Maybe it was the black-and-white, 20-foot tall “RIDE” banner looming awesomely behind the stage—featuring the same bold, sans-serif font as the cover of that first self-titled EP—that set the right mood. Maybe it was Mark Gardener’s new Indie Jones fedora, which never left his skull despite some wonky air-conditioning on an unseasonably warm night in the Windy City. Or it might have just been the swirling, marvelous demon mating calls of “Drive Blind” coming out of actual guitars instead of dorm-room walkman headphones. Whatever the magic ingredient was, the result was thoroughly satisfying and unstuck in time. "I've seen Ride now," a girl behind me said. "All that's left now is Van Morrison." Van isn't going to pretend it's 1965 and break into a rollicking version of "Gloria." He might wear a fedora, though. Maybe that's this girl's thing?

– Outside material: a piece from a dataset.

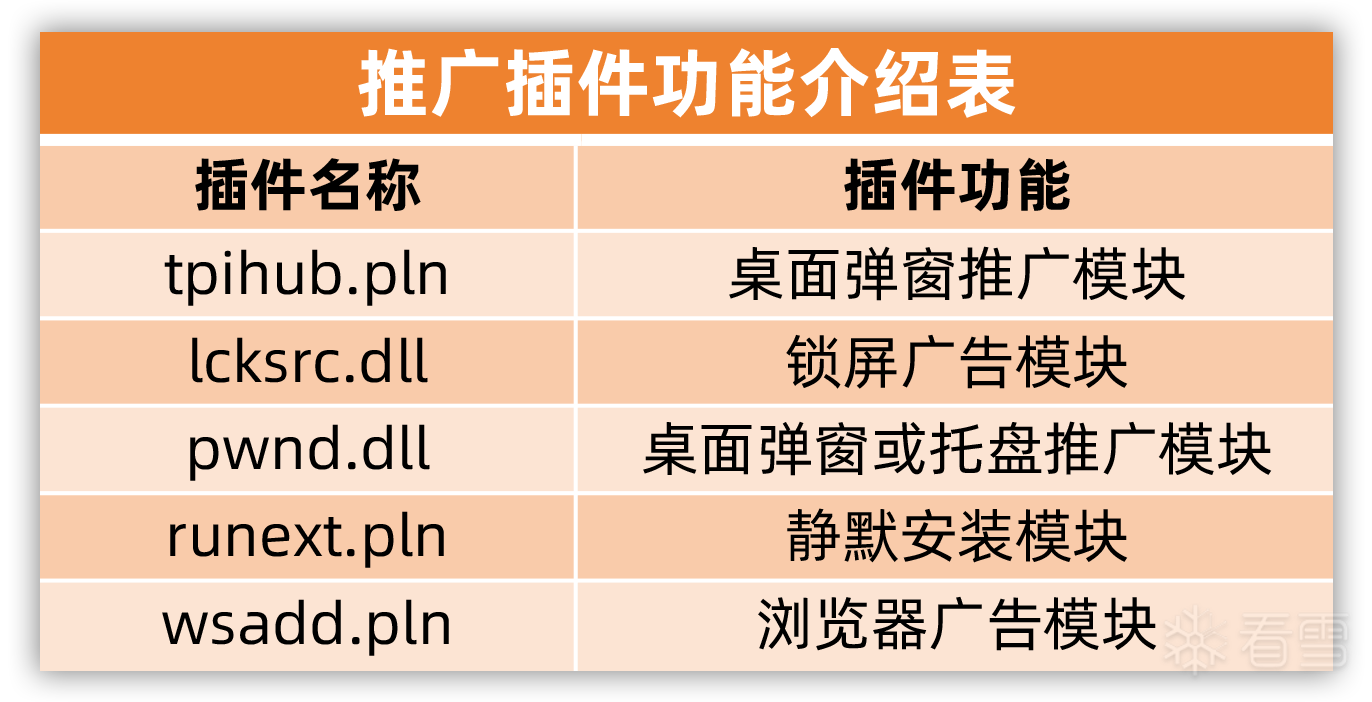 多个推广插件: 插件是以独立文件的形式存储在安装目录下的 Bin 或 Plugins 文件夹下,其中推广相关插件分别有弹窗推广、锁屏推广、任务栏托盘推广、静默下载安装推广、浏览器广告等模块。其他插件例如 cache.dll 和 cachestub.dll 主要是用于云控配置的下载和分发至插件。

Since the full line-up of Gardener, Bell, bassist Steve Queralt and drummer Loz Colbert have been playing gigs throughout the year, the rust was pretty well kicked off already. Songs that generally required a tighter, pop sensibility, like “Twisterella” (a minor modern rock hit in the U.S. back in 1992) had a new looseness and thump to them—maybe because it was easier that way, but no complaints. “Polar Bear”—a classic off Nowhere—was particularly pleasing to two enthusiastic fans dressed in bear costumes in the first row. And a lovely rendition of the anthemic “OX4” was re-introduced, for those who weren’t already aware, as an ode to the band’s old Oxford stomping grounds.
The night’s encore concluded, appropriately enough, with one of Ride’s very first singles, “Chelsea Girl,” followed by a very content-looking Gardener assuring the Chicago crowd he’d be “seeing them again soon.” Will he return with new material—a creative outburst fueled by a successful world tour? I suppose we’d be okay with that. But then again, Gardener wrote “Chelsea Girl” as a hat-free, floppy-haired 20 year-old and is closing shows with it 25 years later. There is no imminent pressure to give the retro-minded masses something new to chew on. Ride, for now, means just one thing again.